Collection entries
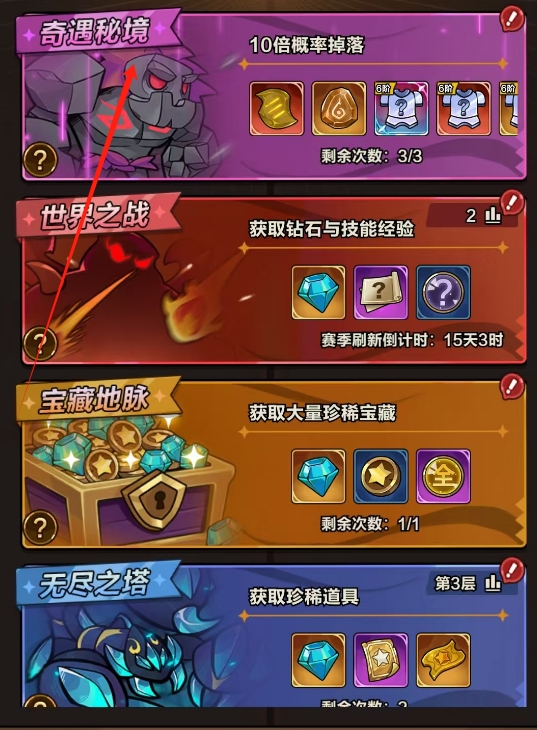 话说,当你的角色顺利通过1阶-5关卡后,历练玩法的大门就会为你敞开,而我们的主角——奇遇秘境,也会一同亮相。这个秘境呢,每天有三次挑战机会,而且最棒的是,它支持一键扫荡!简直是懒人福音,省时省力。它的关卡难度会根据你普通关卡最高的通关进度来调整,比如你最高打到了3阶-15关,那奇遇秘境的难度就和3阶-15一样。但!重点来了,它的掉落爆率可是普通关卡的足足10倍!这意味着什么?每次挑战都有极大概率能拿到品质超高的装备,什么太古、远古装备,主要就是从这里出的。所以啊,我个人觉得,每天这三次挑战机会,你最好都用完,不然真的会非常非常亏!
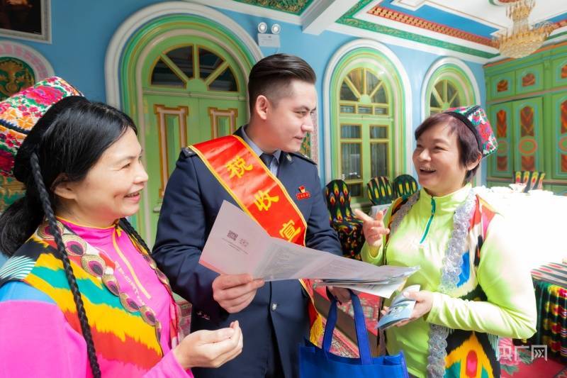 伴着和煦的春风,在第32个全国税收宣传月期间,喀什税务干部走进喀什古城沿街商户,开展税收宣传,征询意见建议,通过线下实地走访、线上直播联动的方式,让更多的纳税人缴费人了解税收优惠政策及便民举措。
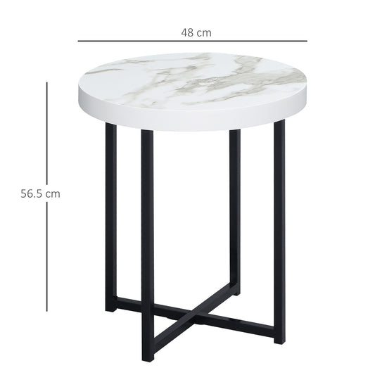 HOMCOM Round Side Table with Metal Legs, Modern End Table Bedside Table for Living Room, Bedroom, White
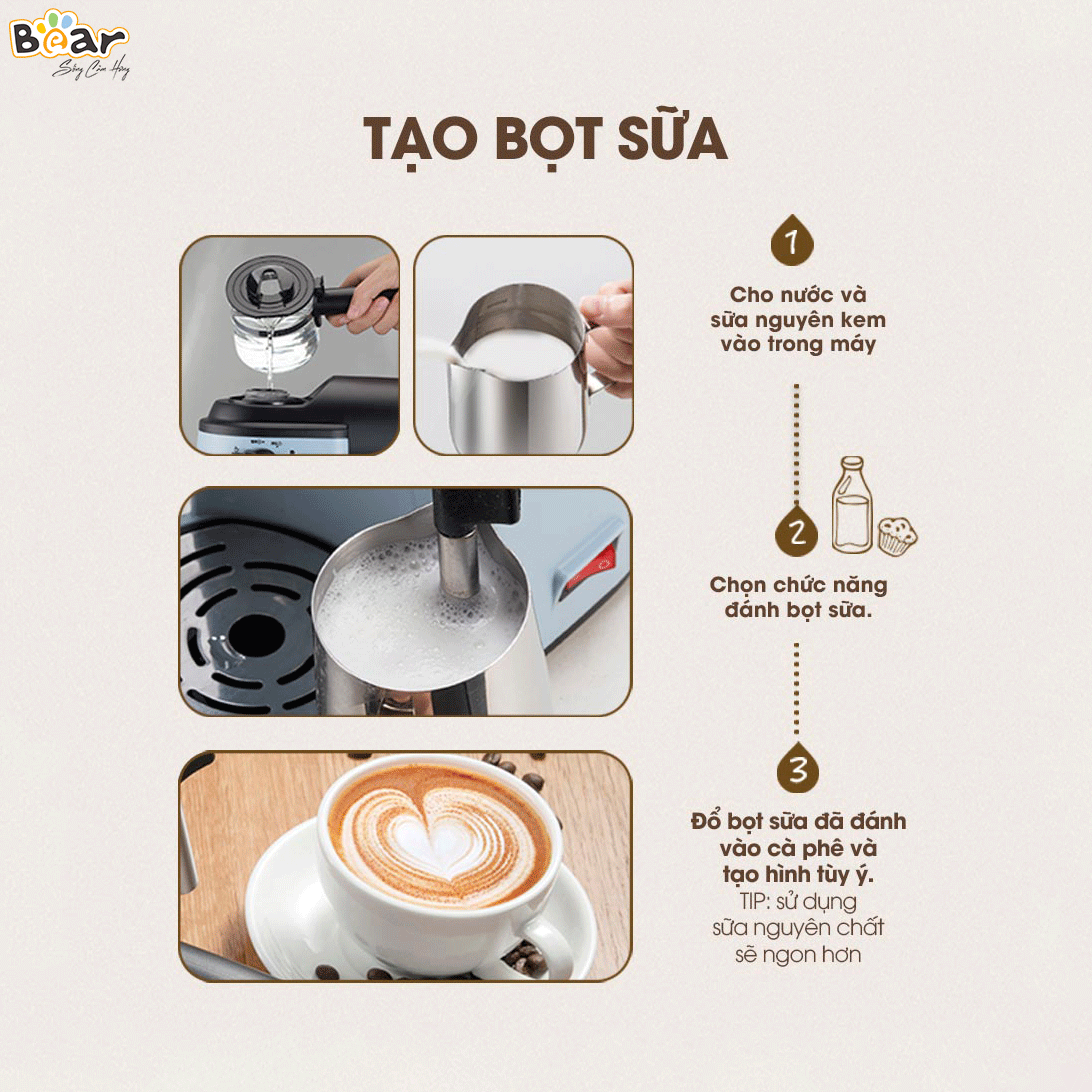 - Biến tấu đa dạng thức uống: Với Bear CF-B02V1, bạn có thể dễ dàng điều chỉnh lượng bọt sữa theo ý muốn để tạo ra nhiều loại thức uống khác nhau. Từ Cappuccino đậm đà, Latte ngọt ngào đến Macchiato béo ngậy, mọi thức uống đều trở nên đơn giản hơn bao giờ hết.
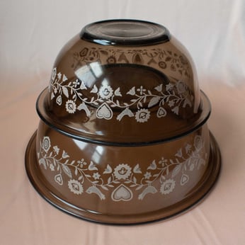 2 Pyrex Festive Harvest Birds & Hearts Mixing Bowls
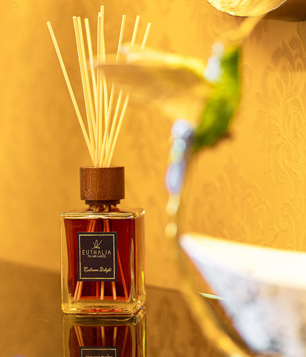 Cashmere Delight с его восточной, мягкой и древесной композицией превращает ваш дом в убежище спокойствия и элегантности. Взаимодействие жасмина, пачули, ванили и белого мускуса создает гармоничную ольфакторную симфонию, которая приглашает вас расслабиться и насладиться роскошной атмосферой, царящей в вашем пространстве.

## Exercise instructions
Return the complete data unchanged and include none of the pictures.

## Solution
 话说,当你的角色顺利通过1阶-5关卡后,历练玩法的大门就会为你敞开,而我们的主角——奇遇秘境,也会一同亮相。这个秘境呢,每天有三次挑战机会,而且最棒的是,它支持一键扫荡!简直是懒人福音,省时省力。它的关卡难度会根据你普通关卡最高的通关进度来调整,比如你最高打到了3阶-15关,那奇遇秘境的难度就和3阶-15一样。但!重点来了,它的掉落爆率可是普通关卡的足足10倍!这意味着什么?每次挑战都有极大概率能拿到品质超高的装备,什么太古、远古装备,主要就是从这里出的。所以啊,我个人觉得,每天这三次挑战机会,你最好都用完,不然真的会非常非常亏!
 伴着和煦的春风,在第32个全国税收宣传月期间,喀什税务干部走进喀什古城沿街商户,开展税收宣传,征询意见建议,通过线下实地走访、线上直播联动的方式,让更多的纳税人缴费人了解税收优惠政策及便民举措。
 HOMCOM Round Side Table with Metal Legs, Modern End Table Bedside Table for Living Room, Bedroom, White
 - Biến tấu đa dạng thức uống: Với Bear CF-B02V1, bạn có thể dễ dàng điều chỉnh lượng bọt sữa theo ý muốn để tạo ra nhiều loại thức uống khác nhau. Từ Cappuccino đậm đà, Latte ngọt ngào đến Macchiato béo ngậy, mọi thức uống đều trở nên đơn giản hơn bao giờ hết.
 2 Pyrex Festive Harvest Birds & Hearts Mixing Bowls
 Cashmere Delight с его восточной, мягкой и древесной композицией превращает ваш дом в убежище спокойствия и элегантности. Взаимодействие жасмина, пачули, ванили и белого мускуса создает гармоничную ольфакторную симфонию, которая приглашает вас расслабиться и насладиться роскошной атмосферой, царящей в вашем пространстве.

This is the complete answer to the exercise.